直接考虑四个边界的放置情况较难，采用正难则反的策略。考虑第一行不放棋子，最后一行不放棋子，第一列不放棋子，最后一列不放棋子的情况。
设 $A$ 为第一行不妨棋子的方案集合， $B$ 为最后一行不放棋子的方案集合， $C$ 为第一列不放棋子的方案集合， $D$ 为最后一列不放棋子的方案集合。在 $m\times n$ 棋盘中放置 $k$ 个棋子的总方案数为 $\begin{pmatrix}mn\\k\end{pmatrix}$，则满足题目要求的方案数为 $\begin{pmatrix}mn\\k\end{pmatrix}-|A\cup B\cup C\cup D|$。

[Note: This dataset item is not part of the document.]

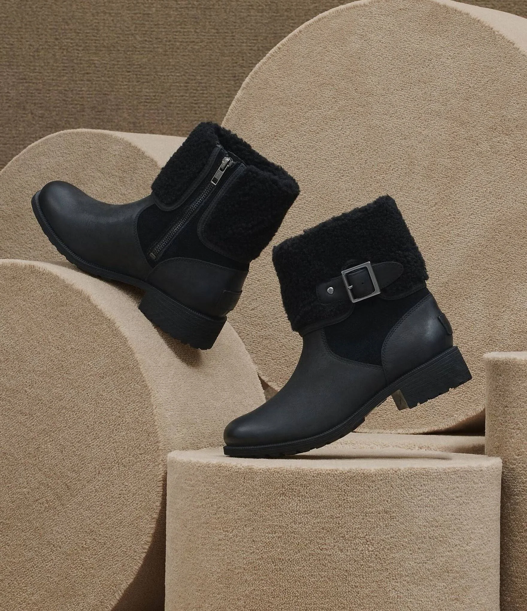 UGG Elings Boot, Black / Black, Size 9.5 - Cozy, elegant, and weather-ready, our Elings Boot is crafted from waterproof leathers with seam-sealed construction to help protect your feet from light rain and snow, keeping your shoes looking better for longer. Featuring a fluffy cuff and warm lining made from our ultra-soft UGGplush wool blend, it incorporates a functional buckle for cinching around jeans and leggings. Pair with dark denim and a sherpa jacket.

根据容斥原理， $|A\cup B\cup C\cup D|$ $=$ $|A|$ $+$ $|B|$ $+$ $|C|$ $+$ $|D|$ $-$ $|A\cap B|$ $-$ $|A\cap C|$ $-$ $|A\cap D|$ $-$ $|B\cap C|$ $-$ $|B\cap D|$ $-$ $|C\cap D|$ $+$ $|A\cap B\cap C|$ $+$ $|A\cap B\cap D|$ $+$ $|A\cap C\cap D|$ $+$ $|B\cap C\cap D|$ $-$ $|A\cap B\cap C\cap D|$ 。
$A$ ：第一行不放棋子，$|A|=\begin{pmatrix}(m-1)n\\k\end{pmatrix}$。
$B$ ：最后一行不放棋子，$|B|=\begin{pmatrix}(m-1)n\\k\end{pmatrix}$。
$C$ ：第一列不放棋子，$|C|=\begin{pmatrix}m(n-1)\\k\end{pmatrix}$。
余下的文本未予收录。